Description of the task:
Given the records below, the lines starting at the line with "As can be observed" and ending at the line with "Women's Purple Floral" should be output exactly, both end lines kept and pictures left out.

[Stored entries]
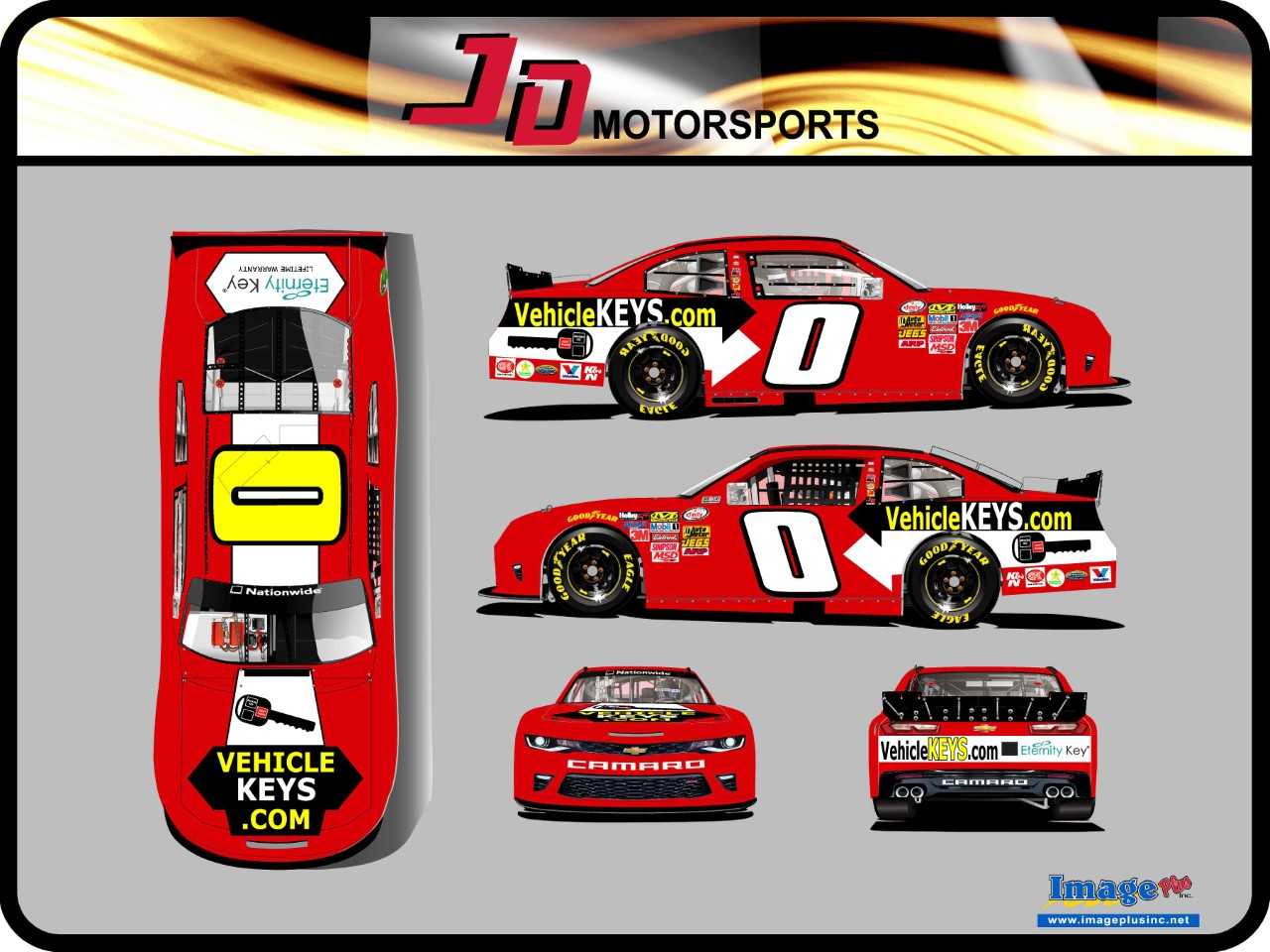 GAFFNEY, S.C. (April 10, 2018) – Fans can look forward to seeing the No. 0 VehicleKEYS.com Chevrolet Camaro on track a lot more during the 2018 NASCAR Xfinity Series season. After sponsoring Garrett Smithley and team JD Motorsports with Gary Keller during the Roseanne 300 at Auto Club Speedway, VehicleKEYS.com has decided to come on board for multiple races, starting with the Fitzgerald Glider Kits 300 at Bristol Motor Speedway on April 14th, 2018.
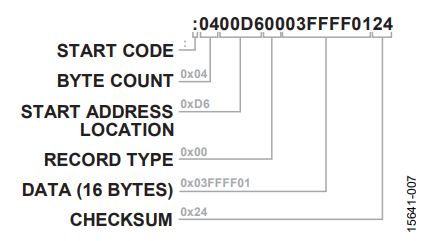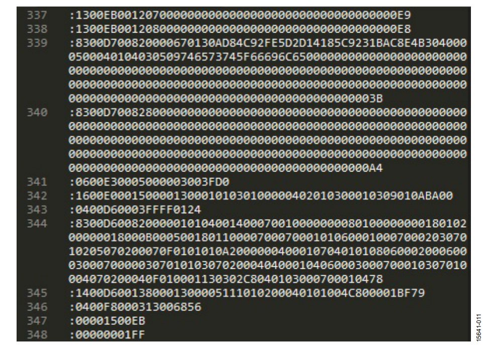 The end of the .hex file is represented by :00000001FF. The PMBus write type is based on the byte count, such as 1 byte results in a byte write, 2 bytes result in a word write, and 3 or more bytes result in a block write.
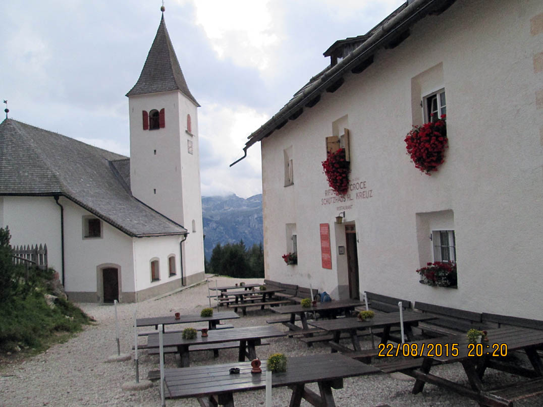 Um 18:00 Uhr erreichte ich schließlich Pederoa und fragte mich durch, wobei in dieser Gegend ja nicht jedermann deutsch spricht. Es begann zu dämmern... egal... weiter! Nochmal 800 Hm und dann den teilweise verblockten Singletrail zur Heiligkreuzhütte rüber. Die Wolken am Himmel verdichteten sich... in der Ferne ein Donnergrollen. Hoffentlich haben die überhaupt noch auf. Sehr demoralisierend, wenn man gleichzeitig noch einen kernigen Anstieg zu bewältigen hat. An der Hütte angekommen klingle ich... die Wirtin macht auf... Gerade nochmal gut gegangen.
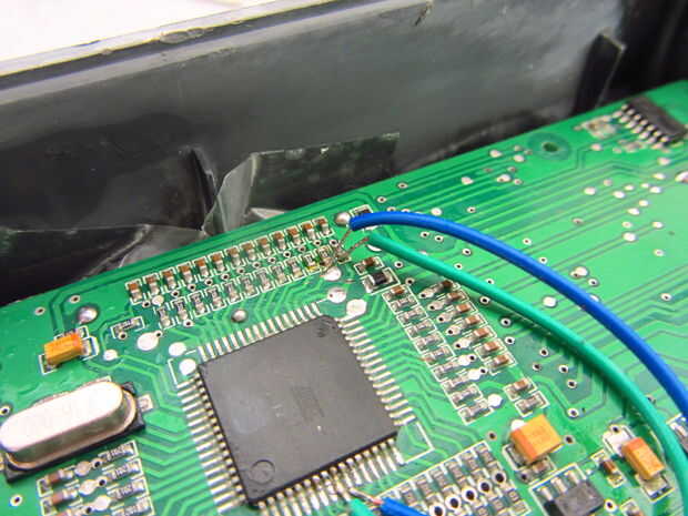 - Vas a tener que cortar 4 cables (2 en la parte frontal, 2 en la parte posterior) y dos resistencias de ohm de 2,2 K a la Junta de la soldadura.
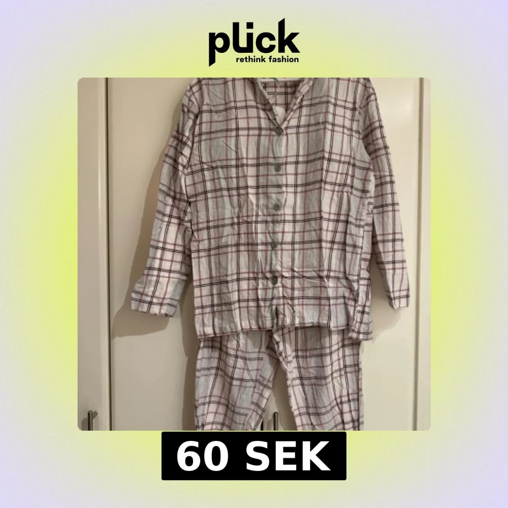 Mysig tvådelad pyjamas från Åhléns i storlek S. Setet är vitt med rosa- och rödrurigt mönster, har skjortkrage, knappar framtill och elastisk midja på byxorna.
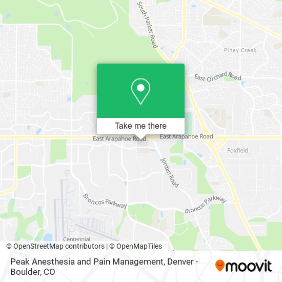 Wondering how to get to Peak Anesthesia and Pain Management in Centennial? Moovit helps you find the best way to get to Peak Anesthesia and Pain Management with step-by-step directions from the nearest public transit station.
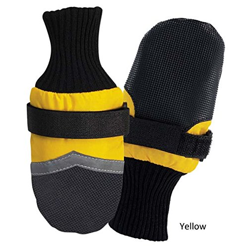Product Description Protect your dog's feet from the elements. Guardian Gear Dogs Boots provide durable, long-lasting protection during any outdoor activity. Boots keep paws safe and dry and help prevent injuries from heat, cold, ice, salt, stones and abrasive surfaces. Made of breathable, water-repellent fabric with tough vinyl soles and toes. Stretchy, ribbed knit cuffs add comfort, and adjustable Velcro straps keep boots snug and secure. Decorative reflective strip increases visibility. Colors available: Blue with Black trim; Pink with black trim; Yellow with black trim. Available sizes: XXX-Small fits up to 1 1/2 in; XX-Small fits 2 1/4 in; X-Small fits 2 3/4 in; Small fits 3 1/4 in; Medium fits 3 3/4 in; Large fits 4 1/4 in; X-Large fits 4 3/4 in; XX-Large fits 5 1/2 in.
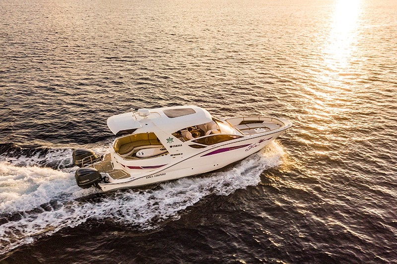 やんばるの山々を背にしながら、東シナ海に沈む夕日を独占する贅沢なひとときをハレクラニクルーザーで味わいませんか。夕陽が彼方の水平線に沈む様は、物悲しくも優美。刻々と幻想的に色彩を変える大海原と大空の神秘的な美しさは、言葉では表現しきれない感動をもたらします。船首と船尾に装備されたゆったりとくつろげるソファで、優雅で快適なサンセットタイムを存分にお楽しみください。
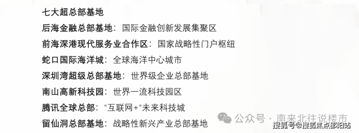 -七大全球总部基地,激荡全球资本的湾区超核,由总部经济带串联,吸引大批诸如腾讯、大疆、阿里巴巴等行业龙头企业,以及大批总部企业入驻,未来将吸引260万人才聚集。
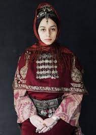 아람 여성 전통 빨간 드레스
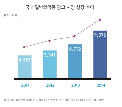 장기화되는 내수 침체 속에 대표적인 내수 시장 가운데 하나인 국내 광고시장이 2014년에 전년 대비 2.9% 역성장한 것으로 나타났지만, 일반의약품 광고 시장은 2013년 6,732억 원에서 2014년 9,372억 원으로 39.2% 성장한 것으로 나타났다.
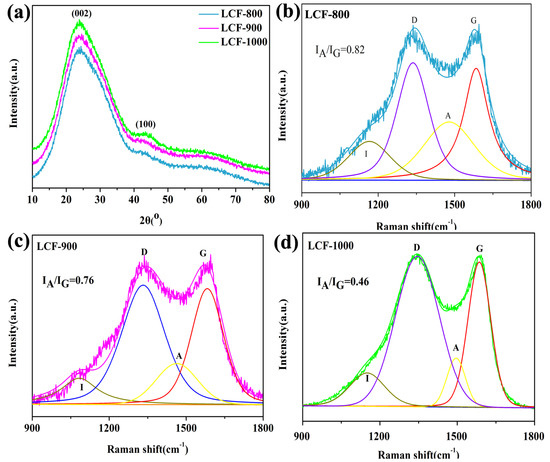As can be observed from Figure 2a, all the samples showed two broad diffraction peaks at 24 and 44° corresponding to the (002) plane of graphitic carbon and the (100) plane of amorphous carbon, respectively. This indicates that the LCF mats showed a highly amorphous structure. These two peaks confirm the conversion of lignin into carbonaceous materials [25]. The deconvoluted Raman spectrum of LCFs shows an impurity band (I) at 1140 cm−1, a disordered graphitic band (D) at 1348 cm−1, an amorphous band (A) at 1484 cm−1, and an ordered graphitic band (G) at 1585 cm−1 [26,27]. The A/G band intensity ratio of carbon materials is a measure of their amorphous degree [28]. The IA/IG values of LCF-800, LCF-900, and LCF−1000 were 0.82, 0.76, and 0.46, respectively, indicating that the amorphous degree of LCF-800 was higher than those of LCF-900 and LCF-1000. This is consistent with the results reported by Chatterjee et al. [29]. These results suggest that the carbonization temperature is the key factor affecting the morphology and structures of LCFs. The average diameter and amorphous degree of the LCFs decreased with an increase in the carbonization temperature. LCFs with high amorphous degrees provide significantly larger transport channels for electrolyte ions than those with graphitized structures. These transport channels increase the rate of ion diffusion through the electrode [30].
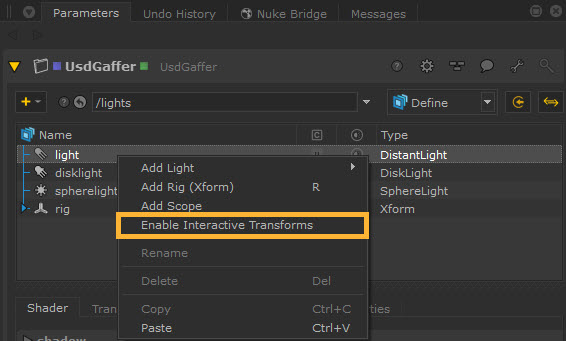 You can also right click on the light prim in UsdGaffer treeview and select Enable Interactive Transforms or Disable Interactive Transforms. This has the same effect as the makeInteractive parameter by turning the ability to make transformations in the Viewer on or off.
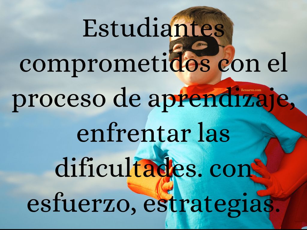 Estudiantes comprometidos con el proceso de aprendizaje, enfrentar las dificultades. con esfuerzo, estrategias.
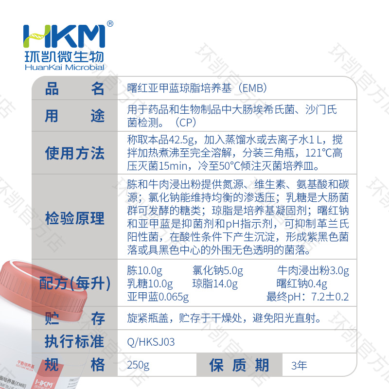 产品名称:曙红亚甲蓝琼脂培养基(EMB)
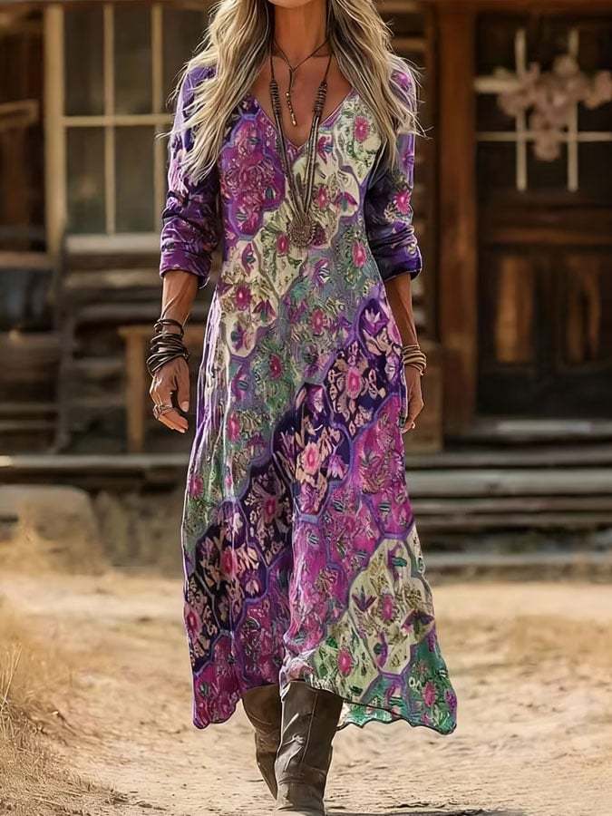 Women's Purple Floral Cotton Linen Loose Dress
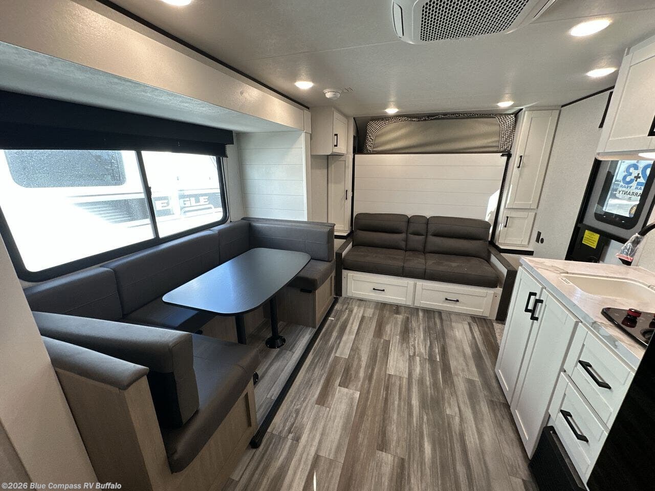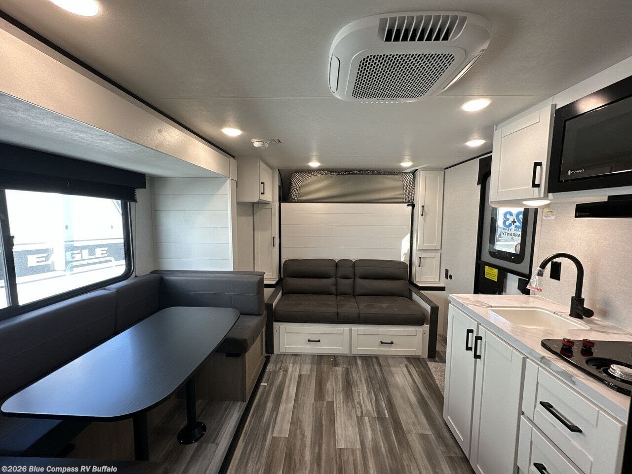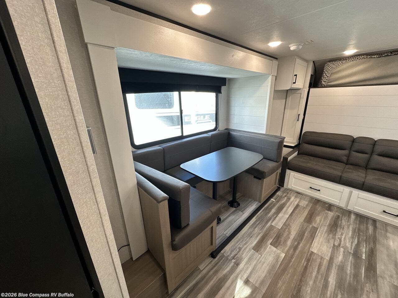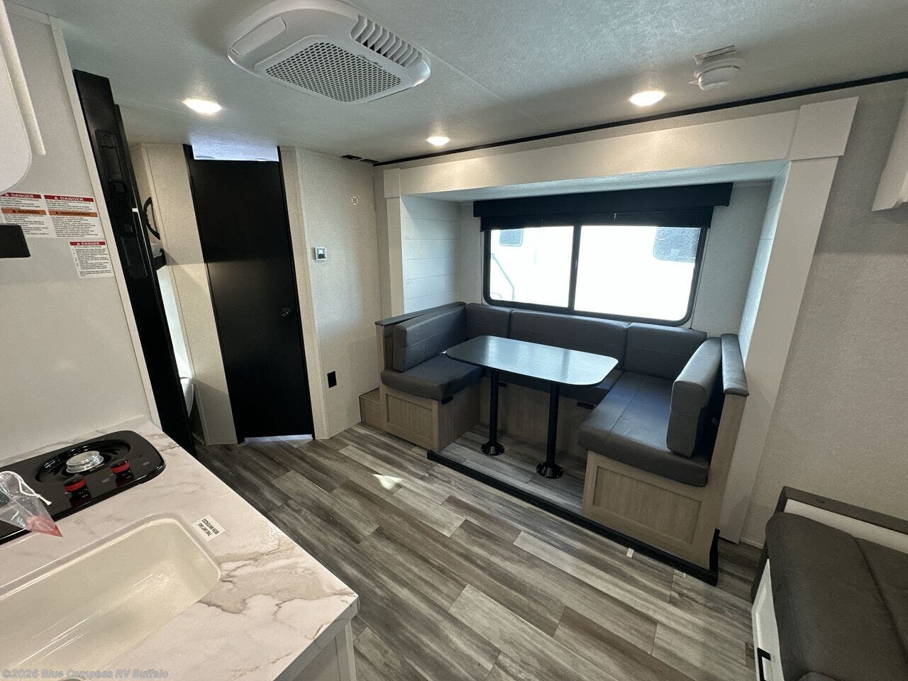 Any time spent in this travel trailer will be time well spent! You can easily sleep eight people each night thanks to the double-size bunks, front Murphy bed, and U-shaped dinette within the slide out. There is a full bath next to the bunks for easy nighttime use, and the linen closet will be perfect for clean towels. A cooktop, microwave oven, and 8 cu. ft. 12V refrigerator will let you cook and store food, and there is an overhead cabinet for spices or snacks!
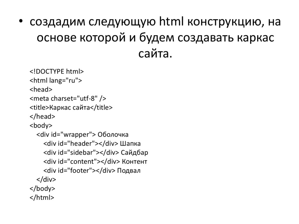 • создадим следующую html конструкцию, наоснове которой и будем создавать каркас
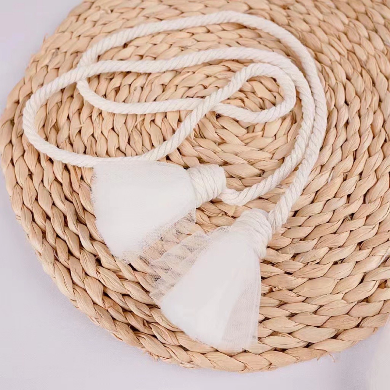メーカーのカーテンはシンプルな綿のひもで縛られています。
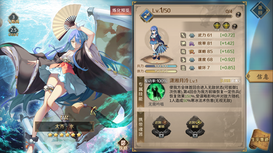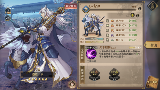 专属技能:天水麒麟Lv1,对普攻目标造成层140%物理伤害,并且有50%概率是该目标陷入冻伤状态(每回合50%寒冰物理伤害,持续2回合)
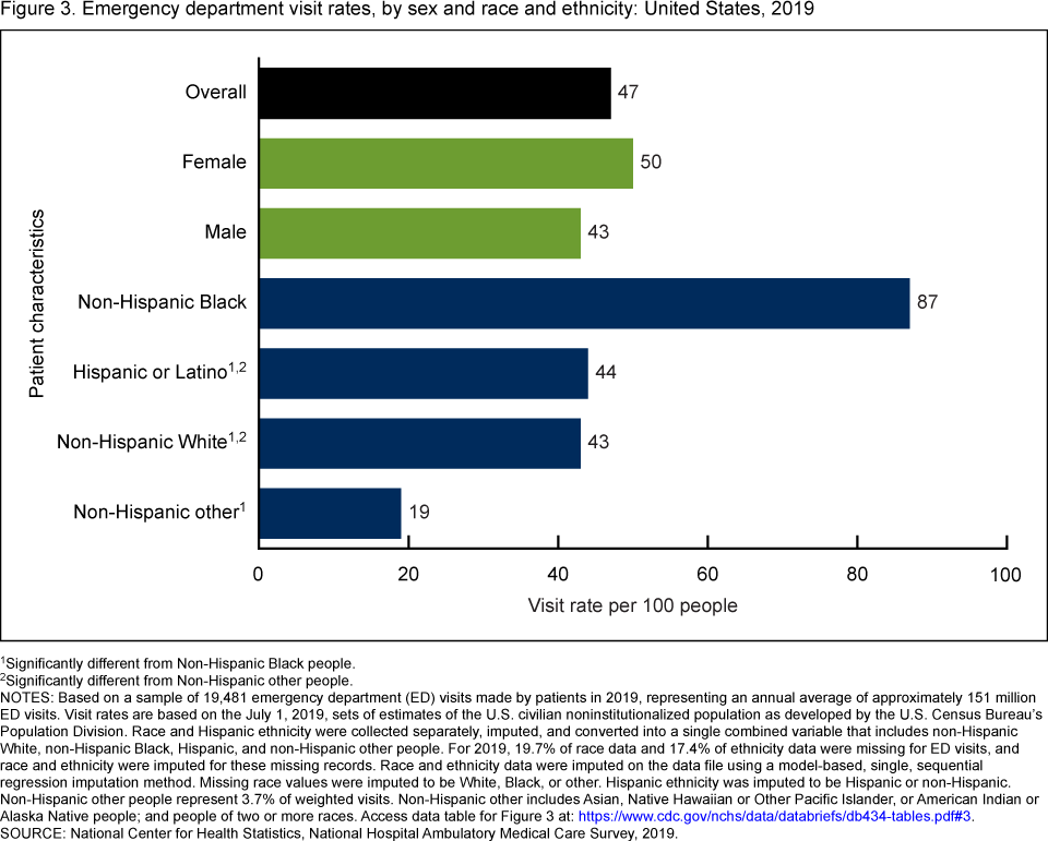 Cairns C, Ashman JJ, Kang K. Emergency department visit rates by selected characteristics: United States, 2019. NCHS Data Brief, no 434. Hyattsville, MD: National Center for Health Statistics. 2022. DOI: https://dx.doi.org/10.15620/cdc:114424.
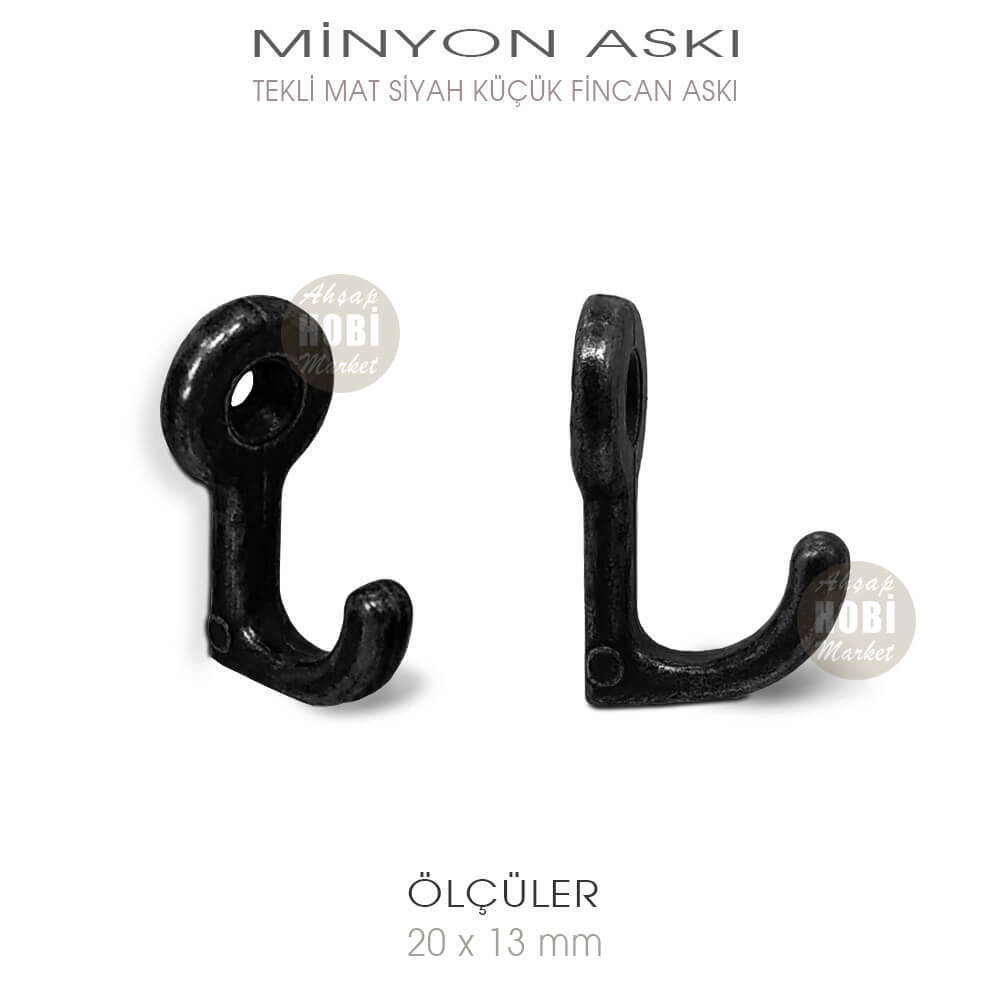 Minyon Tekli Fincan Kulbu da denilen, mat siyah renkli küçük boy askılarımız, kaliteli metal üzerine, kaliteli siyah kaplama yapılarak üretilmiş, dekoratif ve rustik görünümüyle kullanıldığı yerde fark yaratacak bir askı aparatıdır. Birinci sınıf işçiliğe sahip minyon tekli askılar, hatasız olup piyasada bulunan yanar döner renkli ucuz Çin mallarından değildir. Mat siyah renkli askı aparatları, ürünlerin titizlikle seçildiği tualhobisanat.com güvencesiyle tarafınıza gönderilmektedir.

Task result:
As can be observed from Figure 2a, all the samples showed two broad diffraction peaks at 24 and 44° corresponding to the (002) plane of graphitic carbon and the (100) plane of amorphous carbon, respectively. This indicates that the LCF mats showed a highly amorphous structure. These two peaks confirm the conversion of lignin into carbonaceous materials [25]. The deconvoluted Raman spectrum of LCFs shows an impurity band (I) at 1140 cm−1, a disordered graphitic band (D) at 1348 cm−1, an amorphous band (A) at 1484 cm−1, and an ordered graphitic band (G) at 1585 cm−1 [26,27]. The A/G band intensity ratio of carbon materials is a measure of their amorphous degree [28]. The IA/IG values of LCF-800, LCF-900, and LCF−1000 were 0.82, 0.76, and 0.46, respectively, indicating that the amorphous degree of LCF-800 was higher than those of LCF-900 and LCF-1000. This is consistent with the results reported by Chatterjee et al. [29]. These results suggest that the carbonization temperature is the key factor affecting the morphology and structures of LCFs. The average diameter and amorphous degree of the LCFs decreased with an increase in the carbonization temperature. LCFs with high amorphous degrees provide significantly larger transport channels for electrolyte ions than those with graphitized structures. These transport channels increase the rate of ion diffusion through the electrode [30].
 You can also right click on the light prim in UsdGaffer treeview and select Enable Interactive Transforms or Disable Interactive Transforms. This has the same effect as the makeInteractive parameter by turning the ability to make transformations in the Viewer on or off.
 Estudiantes comprometidos con el proceso de aprendizaje, enfrentar las dificultades. con esfuerzo, estrategias.
 产品名称:曙红亚甲蓝琼脂培养基(EMB)
 Women's Purple Floral Cotton Linen Loose Dress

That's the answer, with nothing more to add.